Doing so can aid in both application optimisation and security and allows for several different functions. Organised from the simplest to the most advanced, those functions can allow for:
- Performance monitoring via descriptive analytics. Most vendors provide this.
- Faster troubleshooting via diagnostic analytics. A smaller number of vendors provide this.
- Insights via predictive analytics generated by machine learning systems.
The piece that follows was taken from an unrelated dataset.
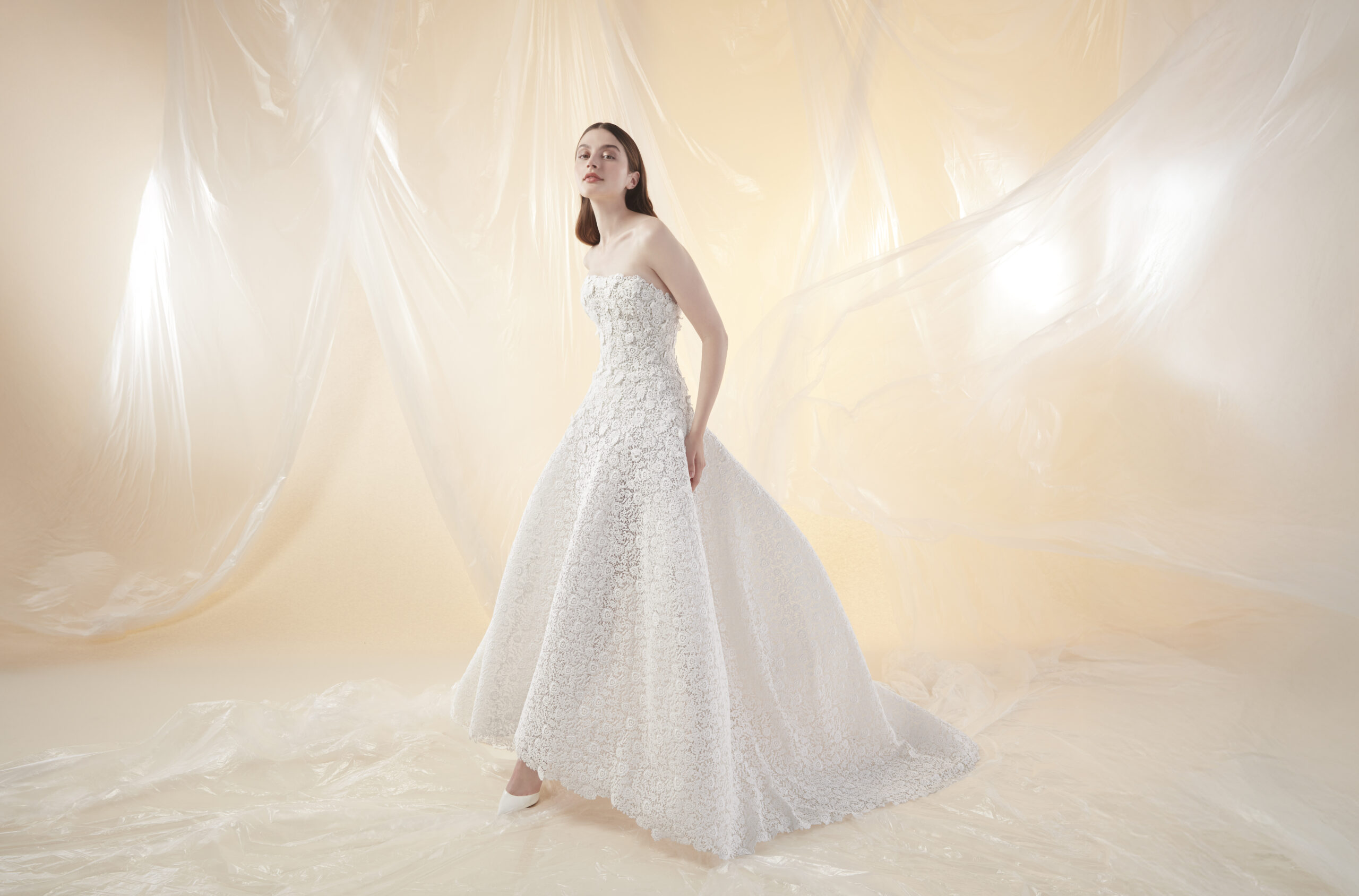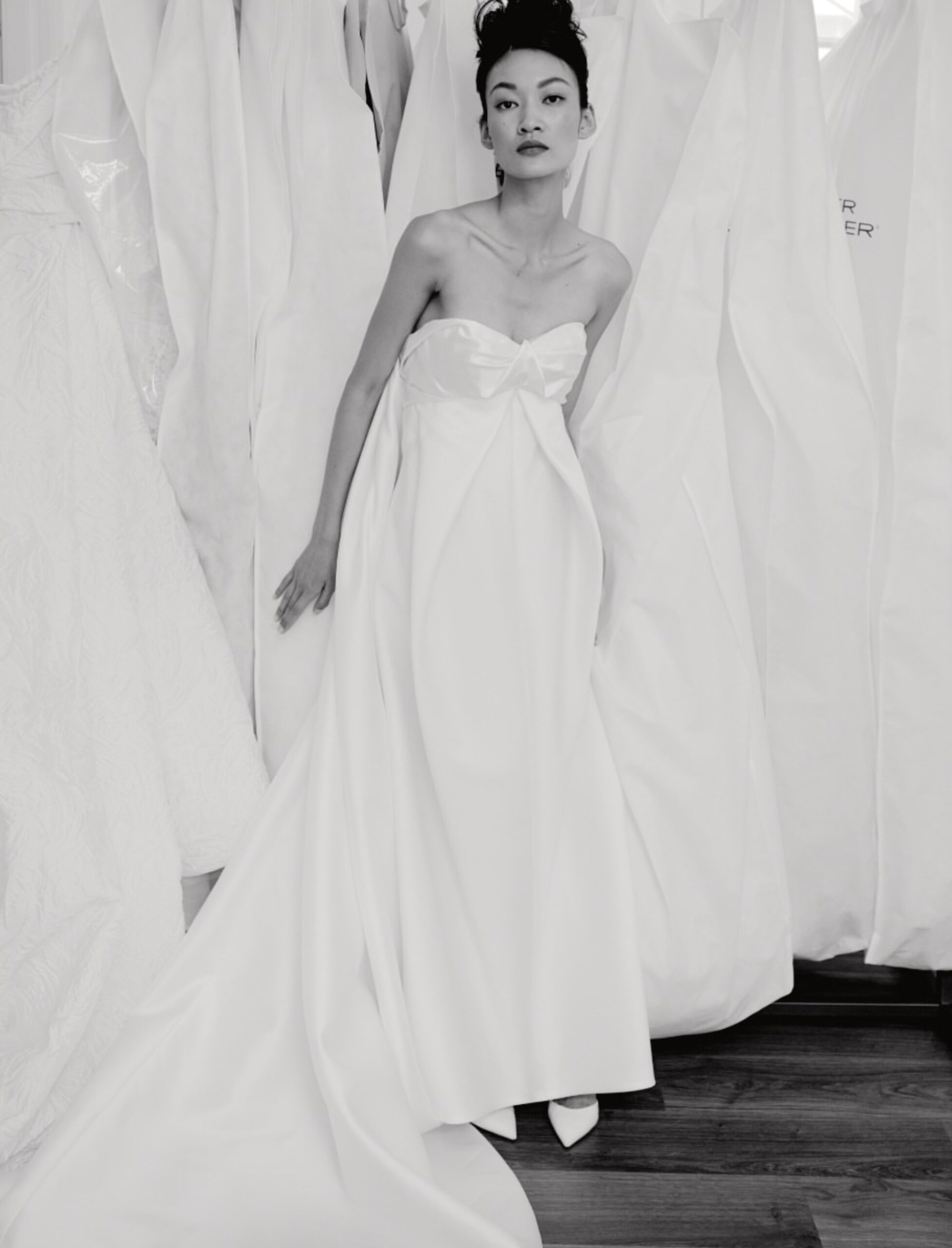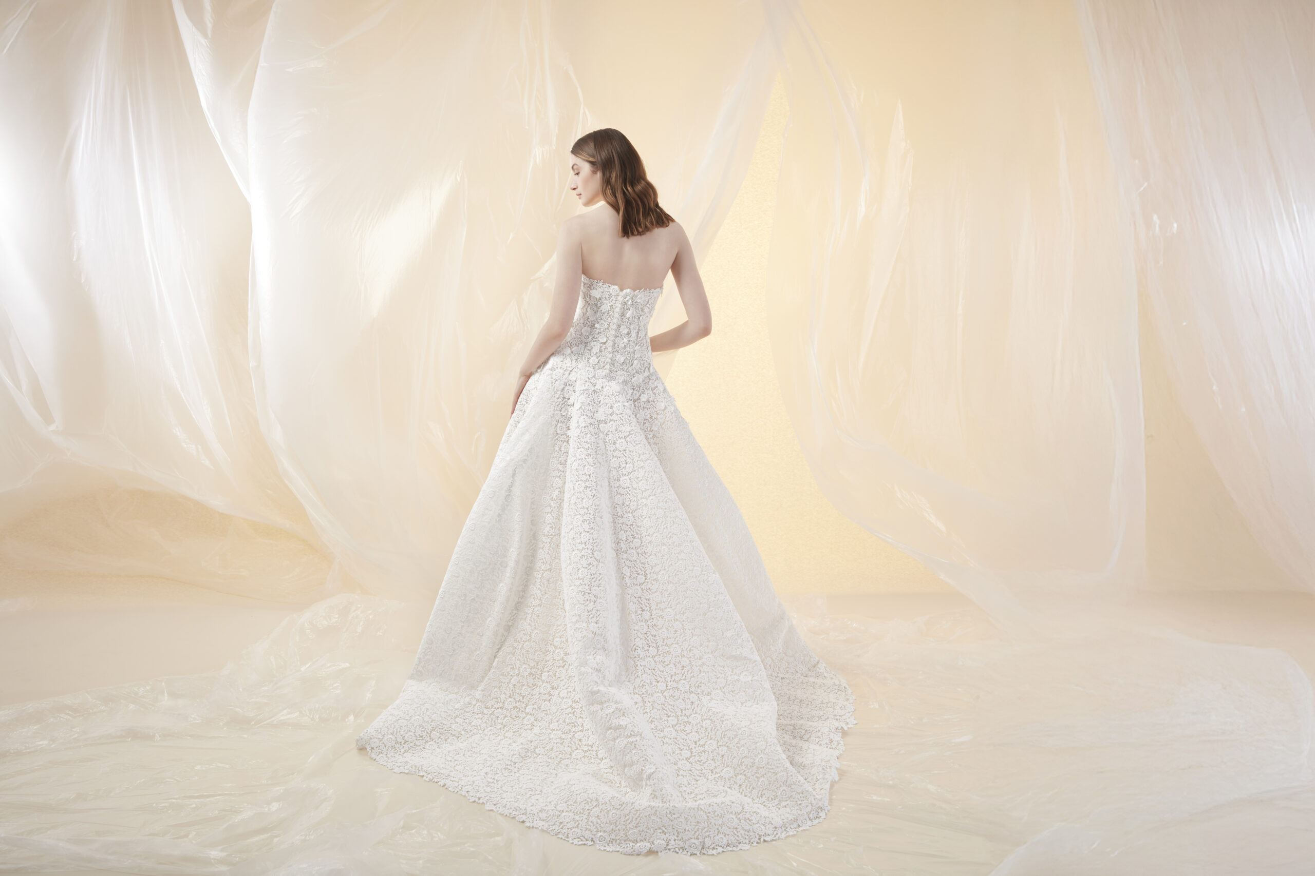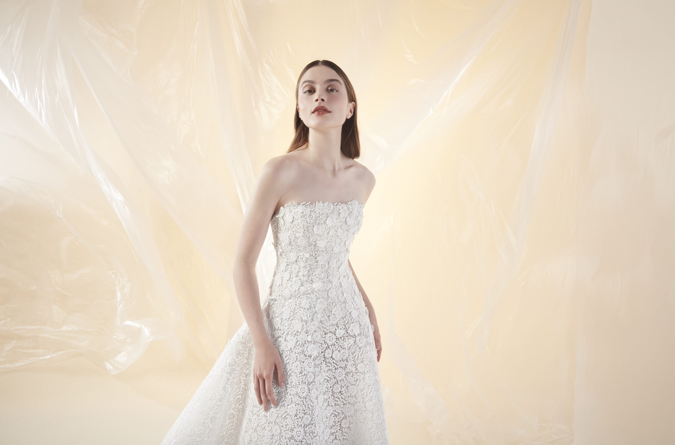 Peter Langner bridal gowns are synonymous with timeless elegance and meticulous craftsmanship. Each gown is a masterpiece, showcasing clean lines, architectural precision, and luxurious fabrics that create an effortlessly sophisticated look.

Even fewer vendors provide this.
- Adaptive controls via prescriptive analytics generated by truly intuitive AI. Only the best and most advanced vendors provide this.
So, when companies are talking to vendors, it’s essential that they determine which of those benefits their products can offer.
Additional Considerations for Dev and Ops Simplicity
Companies should be looking for a simple architecture with a unified solution, central management and control for easy analytics and troubleshooting, common configuration formats, no change in application code or configuration to implement security and gather analytic information and automated application of security policies. If companies prioritise those items, enterprises can enjoy streamlined, automated and secure traffic flow within Kubernetes.